Der sogenannte „Bullwhip-Effekt“ in den Lieferketten schlägt spätestens dann zu, wenn die dringend erwarteten Neuanläufe der Produktion in den einzelnen Unternehmen beginnen.

Als Bullwhip-Effekt bezeichnet man ein bekanntes Phänomen, dass nämlich Abrufe bei den Lieferanten zu größeren Schwankungen unterliegen, als zeitgleich der Verkauf an die Kunden. Diese schlechte Synchronisierung der eigenen Bedarfsplanung vom Kunden in Richtung der externen Lieferketten führt zu einer regelmäßig erheblichen Abweichung zwischen Nachfrage und Bedarf. Dieser Abweichungs-Effekt schaukelt sich aufgrund vielschichtiger Lieferketten, die aufeinander aufbauen, in vorgelagerter Richtung der Lieferkette auf – ein Aufschaukeln, das sich verstärkt desto weiter die Lieferkette sich ihrem Ursprung nähert. Vergleichbar dem Staueffekt auf einer stark befahrenen Autobahn, wo das leichte, jedoch unkoordinierte Bremsen an der Spitze einer Kolonne zu einem zeitversetzen, immer stärkeren Abbremsen in der Gesamtkette führt, bis hin zum Stillstand der hintersten Fahrzeuge. Ein Wiederanfahren ist meistens nur sehr zögerlich und mit mehreren Unterbrechungen möglich.

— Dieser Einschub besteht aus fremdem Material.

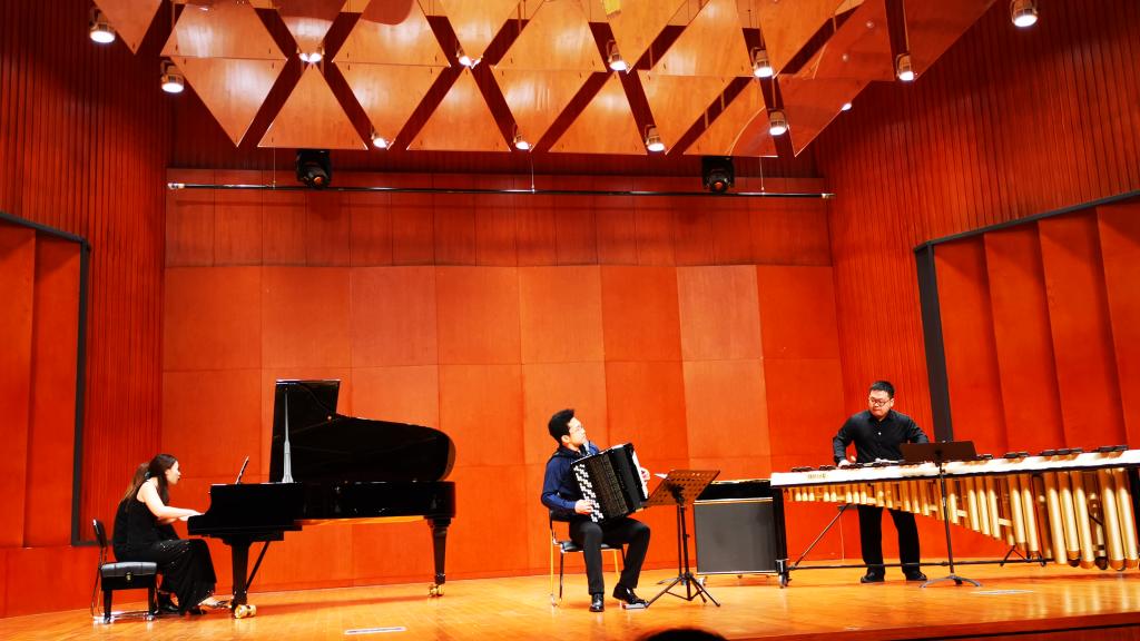 講座結束后,中央音樂學院青年教師許笑男、許歌卉和我院學生孔令達演奏了由徐昌俊院長作曲的手風琴、鋼琴、打擊樂三重奏版的《鳳點頭》,本場演奏是該版本的世界首演,三位青年演奏家配合默契、激情澎湃,將全場氣氛推向高潮。

Kennt man diesen Effekt, der sich aus 2009 mannigfaltig darstellen lässt, so gibt es zwei Möglichkeiten. Die eine ist, sich schicksalsergeben auf das was da kommen mag „überraschen“ zu lassen. Der Grundgedanke ist dabei regelmäßig der, dass es „ohnehin die meisten treffen wird, dann ist es bei mir halt auch so….“. Die andere Möglichkeit ist, sofort aktiv sein Lieferanten- und Lieferkettenmanagement anzugehen und in ersten, wesentlichen Schritten zu strukturieren. Die dafür notwendigen Basisdaten und -informationen sind im Unternehmen vorhanden. Strukturen für ein Krisenmanagement der Supply Chain liegen in einem gezielt durchgeführten stark selektiven Lieferantenmanagement. Hierbei werden Elemente des Risikomanagements verbunden, mit dem Warengruppen- und Lieferantemanagement. Hinzukommt ein strukturiertes Kommunikationskonzept, um einen fortlaufenden Daten- und Informationsaustausch mit den systemkritischen Lieferanten und dessen Vorlieferanten sicherzustellen.

Selbstverständlich ist ein solches Vorgehen keine Vollkasko-Versicherung für ein problemloses Wiederanlaufen der Lieferketten und damit der eigenen Lieferfähigkeit Richtung der Kunden. Es ist aber die beste und unbedingt notwendige Voraussetzung für eine optimale Startposition. Die Unternehmen, die sich in 2008 / 2009 intensiv während der Krise mit diesen Fragen beschäftigt haben, waren einerseits die ersten die wieder in einem erheblichen Umfang am Marktgeschehen erfolgreich teilnehmen konnten und zweitens diejenigen, die während der Krise und danach ein angepasstes Bestandsmanagement vorweisen konnten. Der damit verbundene Liquiditätseffekt war wesentlich und verstärkte die Wettbewerbsfähigkeit in einem insgesamt sehr angespannten Gesamtmarkt.

Fazit ist, dass, selbst wenn man aufgrund der andauernden Hochkonjunktur auf Einkauf & Supply Chain bisher nicht die notwendige Aufmerksamkeit gerichtet hat, man trotzdem jetzt noch wirkungsvoll handeln kann. Der Vorteil kurzer Entscheidungswege in den meisten mittelständischen Unternehmen, um sich dieser Aufgabe zu widmen, ist gegeben. Die langfristige Priorisierung von Lieferantenmanagement und Lieferketten ist dadurch unbenommen. Jetzt gilt es aus der Krise von 2009 zu lernen und unmittelbar aktiv zu werden.